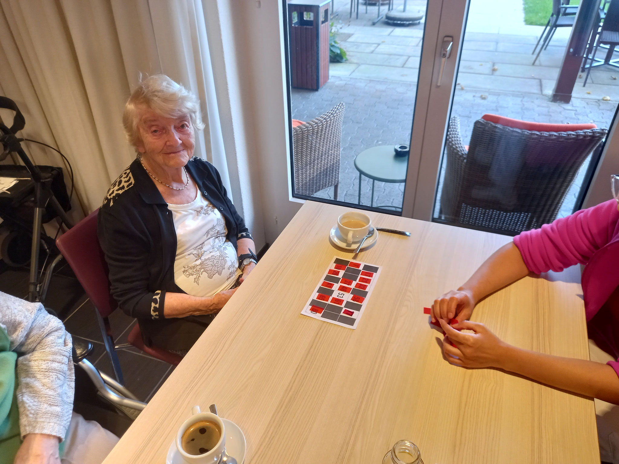 1...2...3...Lotto! In regelmässigen Abständen finden sich unsere Bewohnerinnen und Bewohner in der Cafeteria zum Lottonachmittag zusammen. Lidija führt durch den spannenden Nachmittag und die Gewinnerinnen und Gewinner freuen sich über Preise, die das Herz erfreuen.
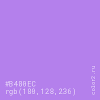 Цвет #B480EC в цветовой модели RGB обозначается тремя октетами (180, 128, 236) в десятичном формате и #B480EC в шестнадцатиричном (hex) формате, которые являются интенсивностью красного 180 (hex B4), интенсивность зелёного 128 (hex 80) и интенсивность синего 236 (hex EC).
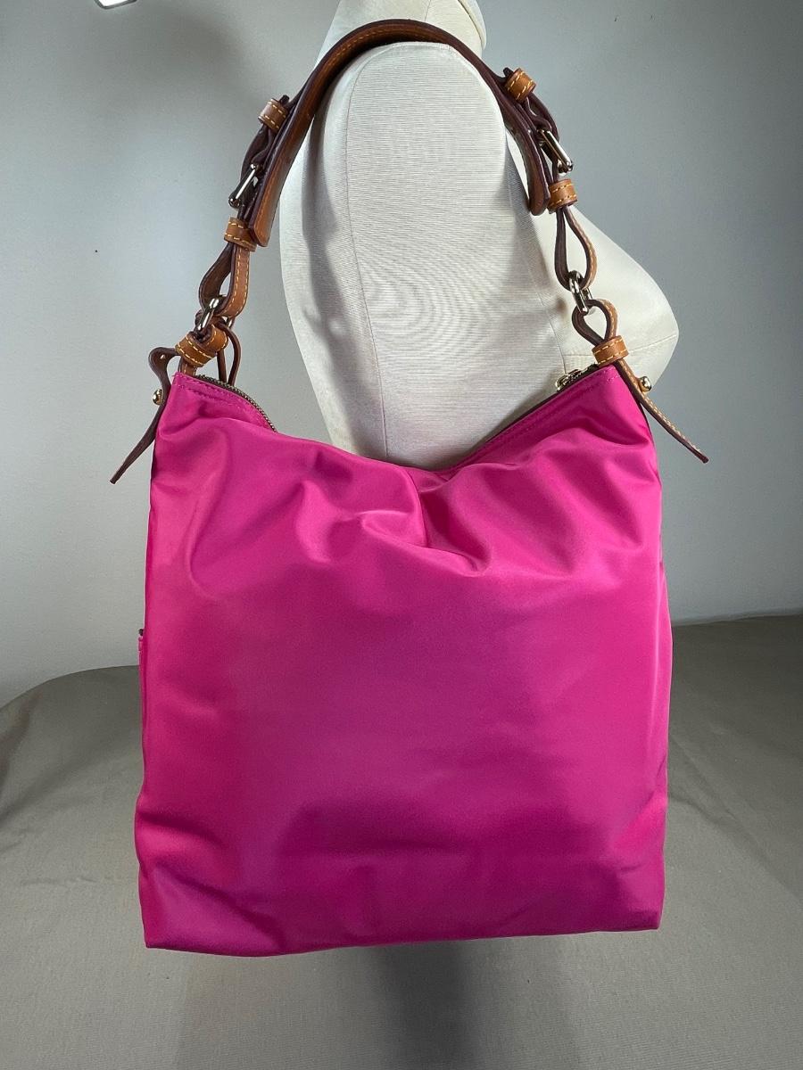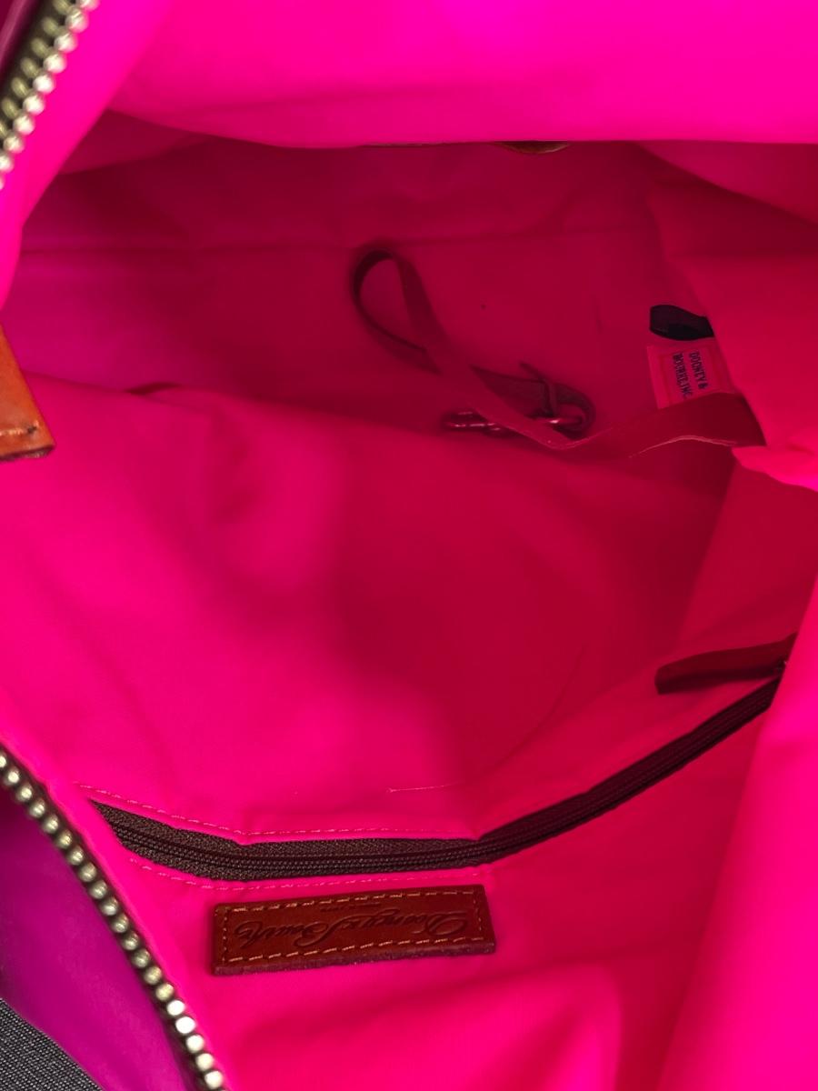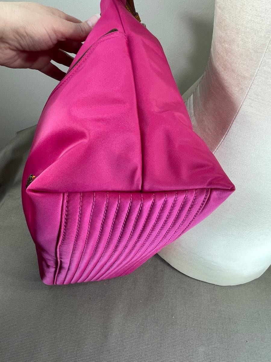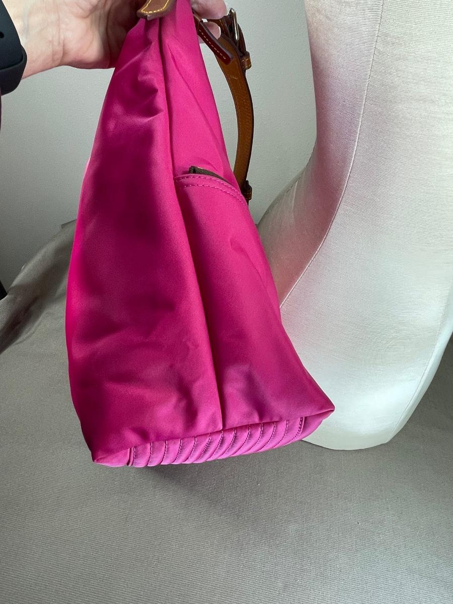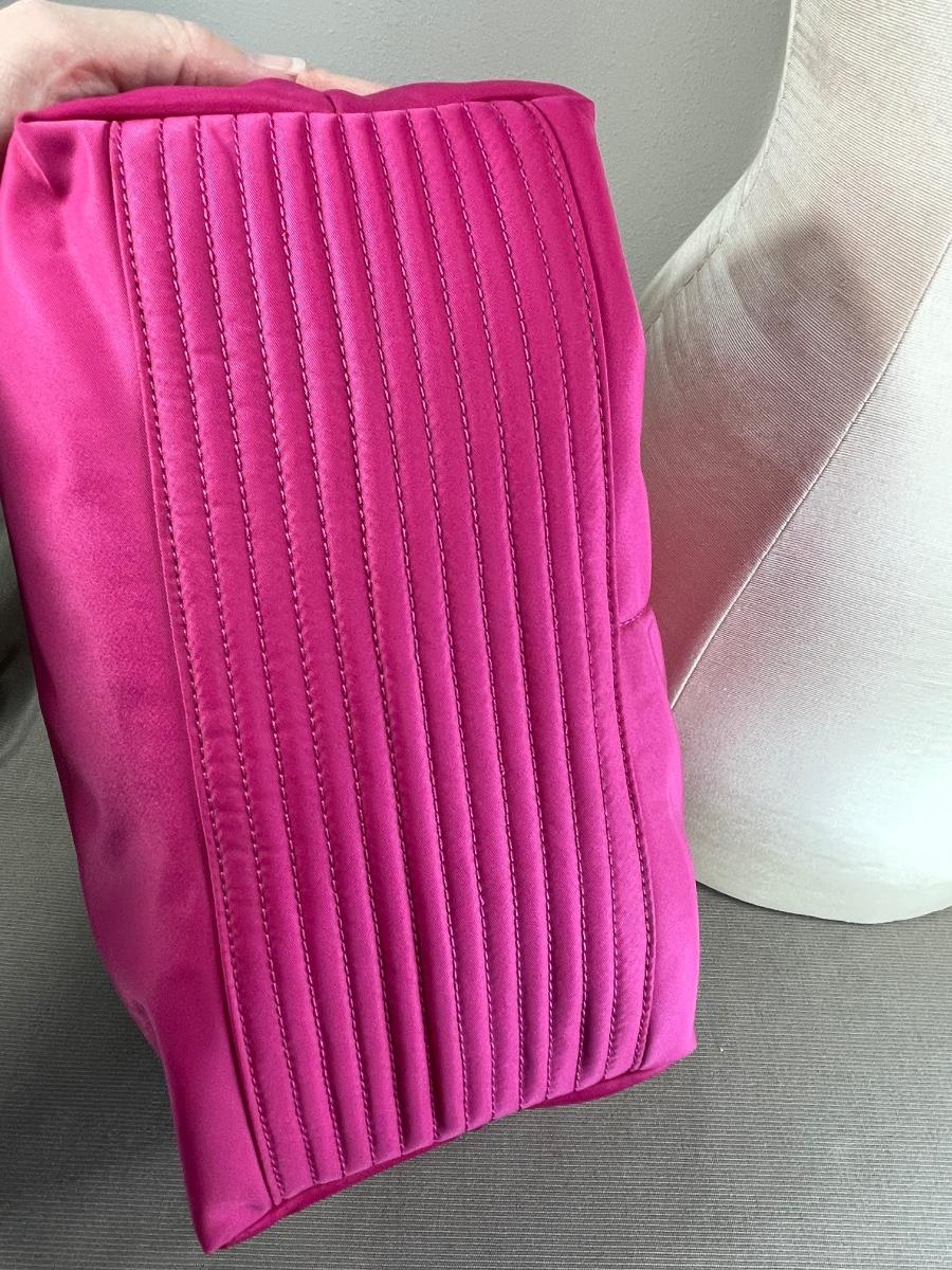 Hot pink inside and out, with leather handle and trim. 14” by 15” by 6”. NWOT excellent condition.
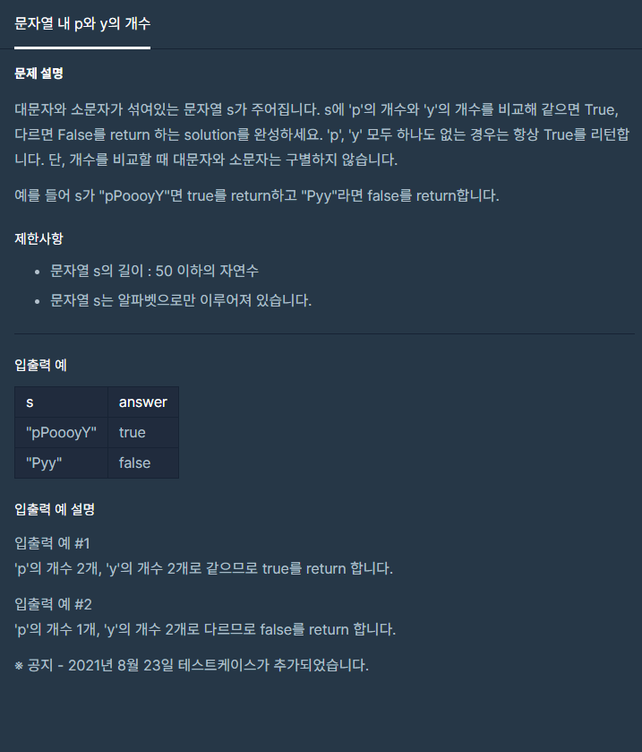 처음에 제출했던 코드인데 테스트케이스가 추가되면서 틀린 답이 되었다. p 와 y가 모두 없는 경우 때문이다.

▶ TASK DETAILS
Starting with the first line of the material, print each line exactly until you have printed the line with "Цвет #B480EC в", and skip the pictures.

▶ ANSWER TO THIS TASK
 1...2...3...Lotto! In regelmässigen Abständen finden sich unsere Bewohnerinnen und Bewohner in der Cafeteria zum Lottonachmittag zusammen. Lidija führt durch den spannenden Nachmittag und die Gewinnerinnen und Gewinner freuen sich über Preise, die das Herz erfreuen.
 Цвет #B480EC в цветовой модели RGB обозначается тремя октетами (180, 128, 236) в десятичном формате и #B480EC в шестнадцатиричном (hex) формате, которые являются интенсивностью красного 180 (hex B4), интенсивность зелёного 128 (hex 80) и интенсивность синего 236 (hex EC).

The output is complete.